Dans notre étude, les signes observés à l’inhalation semblaient plus sévères que ceux provoqués par l’ingestion de
l’arachide lors du TPO, quelle que soit la DR. Cela est
observé avec d’autres allergènes alimentaires. Bahna a
relaté des réactions plus sévères après inhalation d’allergène de poisson qu’après ingestion de cet aliment [11].
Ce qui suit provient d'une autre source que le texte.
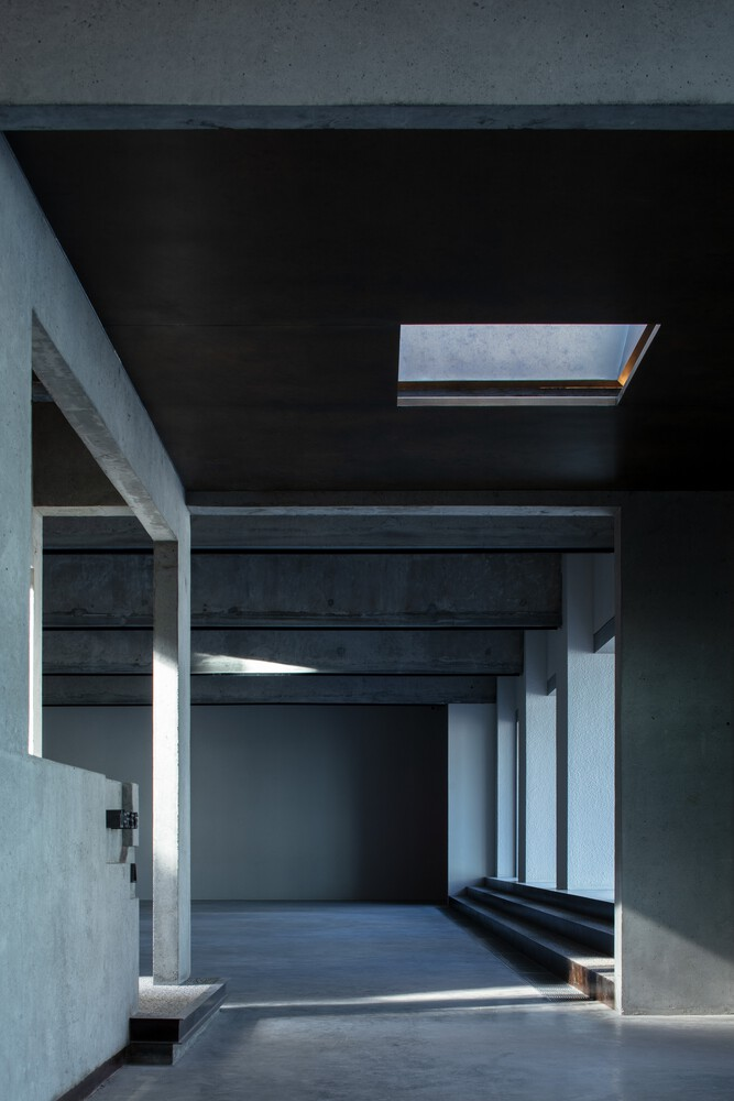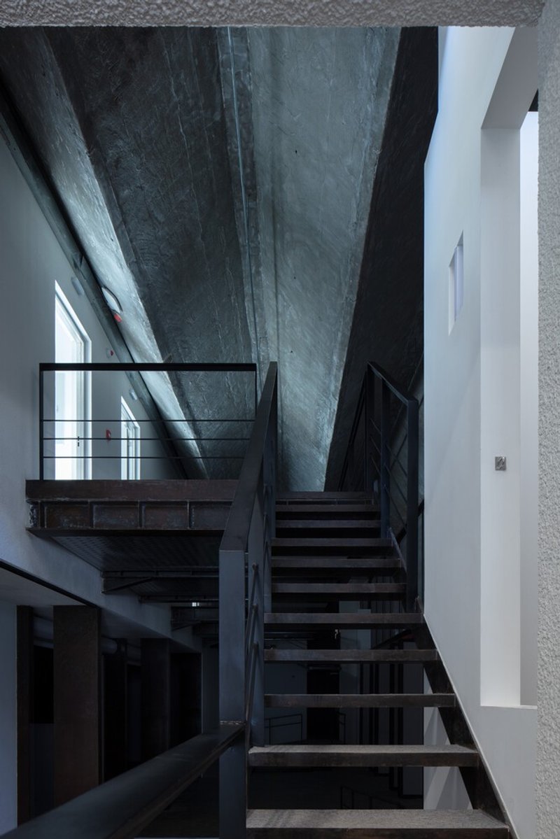 The renovation emphasizes material authenticity and sustainable reuse. Steel beams and columns from the original structure were retained, circular ceiling panel openings were added for natural light, and leftover materials were collected for future use. A small staircase enclosure utilizes a framework of H-beams, square steel, and polycarbonate panels, exemplifying the project’s attention to detail and resource efficiency.

Fiocchi et al. ont rapporté le cas d’un enfant de 11 ans,
sensibilisé au riz, ayant présenté un choc anaphylactique
après inhalation de vapeurs de cuisson de riz alors qu’il
avait pu consommer un gâteau contenant l’équivalent de
20 g de riz sans problème [12]. Gonzales et al. et Enrique
et al. ont décrit des sujets présentant une rhinoconjonctivite et un asthme à l’inhalation de vapeurs de cuisson de riz
sans manifester de réaction à l’ingestion de cet aliment
[13,14]. Selon Enrique et al., l’allergène majeur de la vapeur
de cuisson du riz serait une protéine de transfert lipidique
de PM de 9 Kd ; elle est présente dans la vapeur et son
pouvoir allergénique est attribué à sa haute résistance à la
chaleur. Des études sont en cours pour savoir si le même
allergène est responsable des réactions allergiques à
l’ingestion [14].
Concernant l’arachide, il n’existe pas, à nôtre connaissance,
d’études rapportant des observations d’enfants ayant présenté une réaction à l’inhalation avec une tolérance digestive à cet aliment. Pour nos 8 observations, la DR à
l’ingestion n’est pas particulièrement basse. Elle est proche
de celle habituellement observée chez les enfants du même
âge allergiques à l’arachide. Selon Moneret-Vautrin et al.,
25 % des enfants réagiraient à une DR de 100 mg [15] ; la DR
moyenne d’arachide pourrait être de 850 mg [16]. Moins de
1 % des enfants réagissent à 5 mg [17]. Seuls les enfants
ayant une DR basse doivent bénéficier d’un régime d’éviction strict et cette DR ne peut être précisée que par un TPO.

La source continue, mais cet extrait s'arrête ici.